È una domanda alla quale non è facile rispondere in modo semplice e sintetico. Sarebbe importante sapere quando sono stati chiusi quali erano gli obiettivi per i quali venivano chiusi, se sono stati raggiunti o meno; se il personale degli ospedali chiusi è stato integrato nelle strutture aperte; quale era il piano operativo sanitario dell’epoca e qual è il piano operativo sanitario di riferimento ad oggi.
Anni fa si sarebbero dovute organizzare le reti sanitarie regionali in un tempo certo e con percorso ben definito. Il famoso Dca 64 (il decreto commissariale vigente sulla rete ospedaliera, nda) ne aveva dato indicazioni, anche se non la tempistica. Molto a me sembra sia stato fatto solo in modo molto molto superficiale, nell’esecuzioni di diktat politici, e molto poco in un percorso di esigenze dell’ambito territoriale. Ma già oggi le esigenze e le necessità sono diverse.
Va rivista la distribuzione della popolazione sul territorio, vanno rivisti il numero di posti letto che non possono essere quelli indicati dall’Europa, né quelli previsti dall’ormai vecchio DM 70 (il decreto ministeriale sugli standard ospedalieri, nda) né tantomeno dal nuovo e non accettabile decreto di aggiornamento. Il pianeta sanità è complesso e non si può ragionare in modo matematico. Occorre invece ragionare in modo complessivo.

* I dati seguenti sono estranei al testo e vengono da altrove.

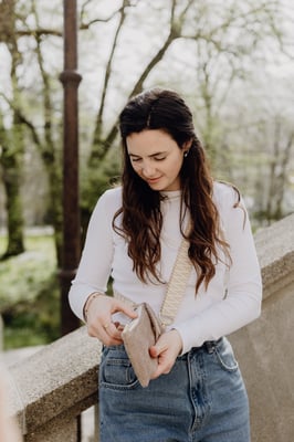 und mit goldener, silberner oder roségoldener Hardware (Karabiner, Reißverschluss etc.)
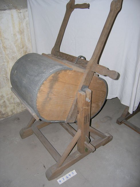 | Předměty | Podsbírka E (vybavení domácnosti, aktivity volného času)Podsbírka E obsahuje více jak jedenáct set sbírkových předmětů. Tvoří ji několik podskupin předmětů, pro něž je společné jejich užívání v domácnostech venkovských vrstev či souvislost s trávením volného času. Tato podsbírka se nejvíce přibližuje sbírkovému fondu etnografických muzeí. Současně se však od nich v mnoha směrech liší. Nejvýznamnější co do počtu je skupina nádob, nádobí a dalšího vybavení kuchyně (celkem čítá přes dvě stovky předmětů), a co do skladby obsahuje nejrůznější nádoby používané jak k uchovávání potravin v domácnosti, tak i k přípravě pokrmů - tj. různé hrnce, díže, ošatky, slaměné nádoby, vědra, mísy, pekáče, formy na bábovky, talíře apod. ale i příbory a náčiní používané při vaření jako nože, vidlice, struhadla, cedníky aj. a konečně různé kuchyňské strojky pražičkami kávy a mlýnky na strouhanku či koření počínaje a kuchyňským robotem konče. Doplňkový materiál této skupiny obsahuje i podsbírka Z skupina mlékařství, kde jsou uloženy nádoby na mléko, případně podsbírka P, kde se nacházejí v řeznictví formy na paštiky, hrnce na sádlo, naběračky, vidlice apod. Další významnou skupinu čítající zhruba čtyřicet kusů tvoří nábytek a bytové doplňky. Vedle skříní, truhel, stolů, postelí či židlí, zde lze najít i různé poličky,kazety a schránky. Tuto část podsbírky E doplňuje soubor cca desítky kusů lidového nábytku dlouhodobě zapůjčené Městským muzeem Chrást u Chrudimi. Další část podsbírky tvoří oděvy, jejich součásti a oděvní doplňky v úhrnném počtu více jak sto kusů. Ostatní části podsbírky jsou co do rozsahu podstatně skromnější. Větší soubor tvoří pomůcky k praní a žehlení prádla. Další představují kolekce hygienického zařízení jako lavory, vany, nočníky, hřebeny, kartáče apod., dále soubor svítidel, otopných zařízení a pomůcek k nim. Menší podskupinu tvoří předměty spojené s trávením volného času. Zde je možno nalézt hudební nástroje či hračky. Do podsbírky E byla volně začleněna i kolekce sádrových bust a dalších sochařských děl v počtu do dvou desítek kusů převážně se vztahující k významným zemědělským osobnostem. Mezi nimi lze nalézt i busty státníků. Nejstarší část této podsbírky pochází ze sběrů Národopisného muzea, které zemědělské muzeum ve dvacátých letech odkoupilo od Národopisné společnosti. Jednalo se především o vybavení domácností jako různé slaměné nádoby, džbánky apod. Pravděpodobně řada z nich pocházela již z Národopisné výstavy. Část předmětů získalo NZM i z muzejním sběrem Kazimourových Muzejních odborů agrárního dorostu. Jelikož těsně po druhé světové válce byly inventární knihy zjednodušeny a přepsány, přičemž ne vždy byl poznamenán původ předmětů u mnoha předmětů již nejsme dnes schopni jejich původ určit. Předměty podsbírky E byly průběžně sbírány vedle zemědělské výrobě sloužících předmětů po celé meziválečné období. Sbírkové oddělení Život zemědělce, jak se tehdy podsbírka E nazývala se dlouhodobě ocitlo na pokraji zájmu pracovníků NZM. Poslední větší přírůstky do této podsbírky byly spojeny se Slovanskou zemědělskou výstavou v Praze roku 1948 a poté po dlouhá desetiletí přibývaly jen ojedinělé přírůstky. Větší přírůstky v této podsbírce jsou spojeny až s posledními deseti lety, kdy se sbírka zejména zásluhou změny koncepčního přístupu rozrostla o řadu předmětů z vybavení domácnosti včetně nábytku z období od počátku 20. století, tedy období, které je na pokraji zájmu etnografů. V meziválečném období nebyla tato skupina sbírek samostatně vyčleněna a spravovali jí tehdejší kustodi ing. A. Macha a ing. F. Šach. V 50. letech se stal kurátorem sbírky dr. Vratislav Šmelhaus, který ji spravoval až do své smrti počátkem 80. let. Tehdy ho nahradil dr. J. Rychlík, jehož počátkem 90. let vystřídal dr. A. Kubačák. Od druhé poloviny 90. let spravuje tuto podsbírku její současný kurátor dr. Pavel Novák. Prioritou podsbírky E do budoucna je dokumentace základních trendů životního stylu venkovských vrstev tak, aby vynikla jeho modifikace vlivem změn přírodního, hospodářského, sociálního i kulturního prostředí. Znamená to se zaměřit zejména na mladší období, kdy docházelo pod vlivem urbanizace a vedle toho i kolektivizace k zásadním změnám v životě venkova a dále se soustředit na dokumentaci aktivit volného času, jež jsou dlouhodobě podceňovány.

Che cosa, nei quasi dodici anni di commissariamento, non ha funzionato nella riorganizzazione della sanità calabrese?
Alla luce dell’evidenze attuali, ha funzionato assolutamente nulla. 

Come vede, al momento, il rapporto tra sanità pubblica e sanità privata in Calabria?
Mancano ancora la giusta collaborazione e la programmazione. Non ci sono paletti e/o muri da spostare, ma regole da seguire. Molto spesso questo non avviene.

Perché sul diritto alla salute non c’è, in generale, convergenza tra le rappresentanze politiche della Calabria?
Perché c’è ancora chi lavora sotto le bandiere della politica, dell’interesse politico. Perché la politica, che non è più quella degli anni passati, non ha ancora compreso che il diritto alla salute è legato alle necessità dei cittadini e non all’interesse del singolo o di particolari ambienti.

È vero che in Calabria c’è una certa tendenza ad allontanare i medici bravi?
È una evidenza sotto gli occhi di tutti.

Assunzioni, strutture, dotazioni tecnologiche, management, ricambio generazionale, meritocrazia, criteri di ripartizione del Fondo sanitario. Ho ricordato alcune questioni ricorrenti. Quali sono, a suo avviso, le priorità cui dedicarsi perché la sanità calabrese inverta la rotta?
Il mio pensiero, non penso possa far piacere, è legato a quello che vedo e vivo. Se il fallimento è sotto gli occhi di tutti, ed un fallimento avviene in tanti anni dal punto di vista amministrativo, politico e sanitario qualcuno ha delle responsabilità di cui penso debba dar conto a stesso e ai cittadini.

Che cosa pensa della gestione del Piano di rientro da parte del commissario Roberto Occhiuto?
Ha appena iniziato, sta facendo una ricognizione. Diamogli ancora un po’ di tempo.

È ottimista rispetto al futuro della sanità calabrese?
Se la via che verrà seguita sarà quella del passato, la mia risposta è No.